On 15 February 2008, Mark Beaumont pedalled through the Arc de Triomphe in Paris. 194 days and 17 hours previously, he had begun his attempt to circumnavigate the world in record time. Mark smashed the Guinness World Record by an astonishing 81 days. He had travelled more than 18,000 miles on his own through some of the harshest conditions one man and his bicycle can endure, camping wild at night and suffering from constant ailments.
The Man Who Cycled the World is the story not just of that amazing achievement but of the events that turned Mark Beaumont into the man he is today. From the early years of his free-spirited childhood in the Scottish countryside to present day, he has been equally determined not to settle for an average existence but to break free and follow his dreams.

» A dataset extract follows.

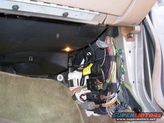 Remove the R kick panel for access to the underdash wiring. The antenna wire with the yellow tag runs to the dash frame below the far R corner of the glove box. To disconnect it, pull it straight forward, toward the engine. There may be a clip retaining it to the body further forward, so follow the wire & unclip it as needed. Then push the rubber grommet out thru the firewall, and remove the antenna base assembly.
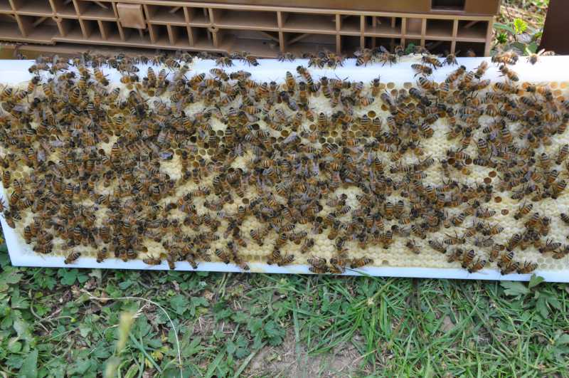 Il faut absolument éviter de poser les cadres de ruches au sol. Les bactéries du sol peuvent très bien se développer dans la colonie et contaminer le miel sans que les abeilles aient un moyen de stérilisation.

Mark Beaumont grew up in the foothills of the Scottish Highlands. When he was 12, he cycled across Scotland, then a few years later, completed the 1,000 mile solo ride across Britain from John O’Groats to Land’s End. His next long-distance ride took him the length of Italy, a journey of 1,336 miles, helping to raise £50,000 for charity. After graduating from Glasgow University, and having also qualified as a professional ski instructor, he decided against a conventional career and devoted himself full-time to raising money for his endurance adventures.
My Rating: ⭐⭐⭐⭐⭐
This was brilliant! Hands down the best audiobook so far. It’s an absolutely amazing story of endurance and perseverance written in a very humble and unassuming manner. This feels like a very honest story. He has no arrogance about his abilities and conveys his nerves and worries. He revels in his successes but also describes the many low points. Having the story written and read by the guy that actually completed the expedition gives it a sense of realism. He also eloquently conveys his feelings at the time. Listening to him you can almost feel him relieving the experiences all over again.
I was amazed by how little formal training he did (although I definitely think he was already a very fit guy) and how little preparation was completed in some ways. His journey in Australia and America seemed particularly haphazard and he admits himself that he hardly even considered the final leg through Portugal and Spain. Also how inexperienced his Mum was and in such a critical role.
I found the story quite emotional at times. I could feel his passionate dislike of the Pakistani police escorts and their treatment of him yet also his delight with the Madrid police and his final goodbye to the main contact. I also found the last couple of days very emotional, especially that last section into Paris and meeting his family again.
Another interesting aspect was his difficulty staying focused after a rest day and getting back in the zone. This was most evident on the American leg when he decided not to stay overnight with prearranged contacts when he had opportunities almost every night. He felt that it would hamper his focus and drive to have company every night. It really enforced for me the importance of mental strength for endurance athletes. It also explains the almost selfish and self-centred approach that they have to take.
The version I listened to had a chapter at the very end telling the story from his Mum, Una’s point of view. At first I didn’t like this. Mark is a much more accomplished reader and Una seemed nervous and hesitant. However, after a short while I found her perspective interesting and overall that it added to the story.
I obviously found this interesting from the aspect of a cyclist but definitely feel it’s worth reading or listening to for anyone interested in endurance sports, expedition or adventure.